> [Exercise materials]

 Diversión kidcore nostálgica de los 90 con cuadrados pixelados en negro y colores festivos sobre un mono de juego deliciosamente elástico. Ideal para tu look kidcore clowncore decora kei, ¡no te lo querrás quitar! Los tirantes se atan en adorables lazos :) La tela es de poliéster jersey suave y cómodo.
---
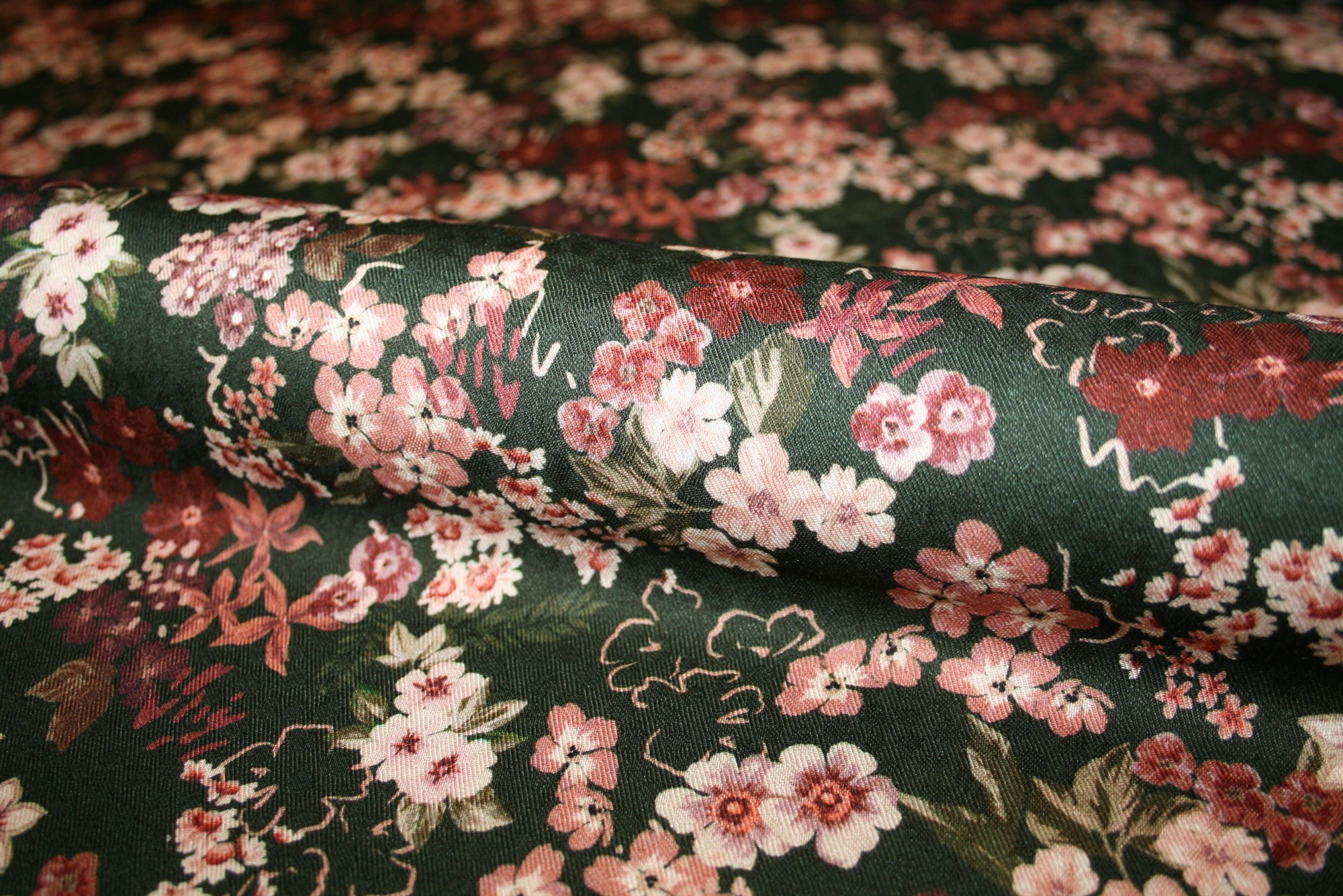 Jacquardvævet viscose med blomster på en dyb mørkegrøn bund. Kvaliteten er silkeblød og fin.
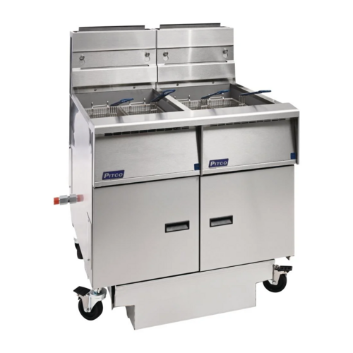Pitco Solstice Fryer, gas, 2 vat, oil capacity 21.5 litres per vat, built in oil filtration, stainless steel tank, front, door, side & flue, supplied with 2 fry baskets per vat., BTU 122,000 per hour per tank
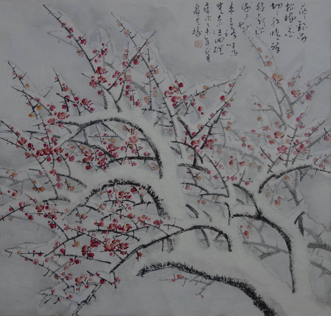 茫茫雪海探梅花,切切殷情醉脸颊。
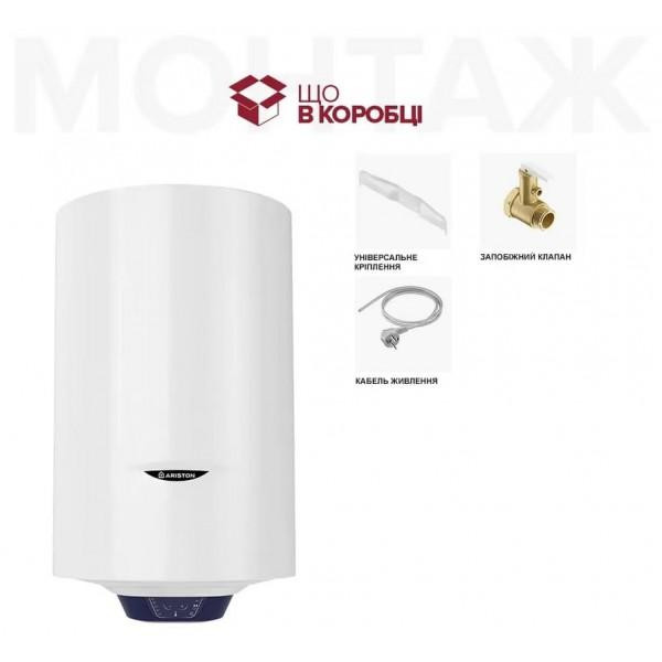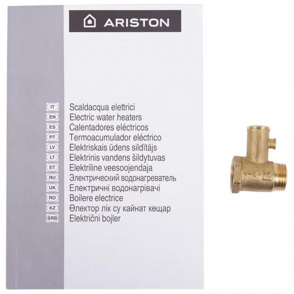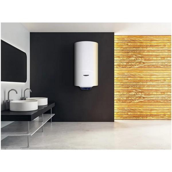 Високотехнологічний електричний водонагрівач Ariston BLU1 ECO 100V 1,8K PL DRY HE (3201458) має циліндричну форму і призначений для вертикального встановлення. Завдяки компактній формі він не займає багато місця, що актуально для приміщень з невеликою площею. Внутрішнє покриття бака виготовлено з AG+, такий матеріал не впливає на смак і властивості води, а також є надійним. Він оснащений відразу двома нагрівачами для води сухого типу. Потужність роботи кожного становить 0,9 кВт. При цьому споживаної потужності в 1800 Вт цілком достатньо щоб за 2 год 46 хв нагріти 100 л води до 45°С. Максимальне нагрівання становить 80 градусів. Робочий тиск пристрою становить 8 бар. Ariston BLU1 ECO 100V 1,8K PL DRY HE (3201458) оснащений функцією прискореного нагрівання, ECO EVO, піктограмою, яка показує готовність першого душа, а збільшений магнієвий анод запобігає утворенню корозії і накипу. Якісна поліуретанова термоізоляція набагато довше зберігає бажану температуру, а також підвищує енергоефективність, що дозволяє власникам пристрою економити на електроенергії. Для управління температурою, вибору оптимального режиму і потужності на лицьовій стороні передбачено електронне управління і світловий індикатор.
---
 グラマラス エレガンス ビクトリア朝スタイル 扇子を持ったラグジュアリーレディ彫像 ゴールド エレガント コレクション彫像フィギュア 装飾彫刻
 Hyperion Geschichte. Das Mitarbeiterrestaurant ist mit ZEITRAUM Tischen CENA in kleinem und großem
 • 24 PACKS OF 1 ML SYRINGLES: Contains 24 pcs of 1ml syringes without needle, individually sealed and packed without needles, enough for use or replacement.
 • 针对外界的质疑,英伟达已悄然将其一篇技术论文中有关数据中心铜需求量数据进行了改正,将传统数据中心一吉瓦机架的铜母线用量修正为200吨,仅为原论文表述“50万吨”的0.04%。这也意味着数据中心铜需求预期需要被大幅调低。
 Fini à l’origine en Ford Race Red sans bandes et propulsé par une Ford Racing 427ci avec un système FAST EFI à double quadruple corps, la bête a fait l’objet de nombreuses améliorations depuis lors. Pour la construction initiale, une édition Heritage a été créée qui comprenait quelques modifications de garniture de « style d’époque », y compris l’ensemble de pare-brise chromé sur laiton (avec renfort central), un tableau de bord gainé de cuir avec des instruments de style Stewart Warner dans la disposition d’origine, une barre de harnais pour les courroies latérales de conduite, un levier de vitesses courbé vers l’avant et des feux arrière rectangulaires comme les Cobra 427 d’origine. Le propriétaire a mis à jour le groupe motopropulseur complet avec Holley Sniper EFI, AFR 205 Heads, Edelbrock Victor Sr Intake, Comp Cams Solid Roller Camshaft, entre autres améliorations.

> [Task description] Both the line containing "Pitco Solstice Fryer, gas, 2" and the line containing "茫茫雪海探梅花,切切殷情醉脸颊。" above belong in the output, as do the lines between them. Print them exactly, without pictures.

> [Response]
Pitco Solstice Fryer, gas, 2 vat, oil capacity 21.5 litres per vat, built in oil filtration, stainless steel tank, front, door, side & flue, supplied with 2 fry baskets per vat., BTU 122,000 per hour per tank
 茫茫雪海探梅花,切切殷情醉脸颊。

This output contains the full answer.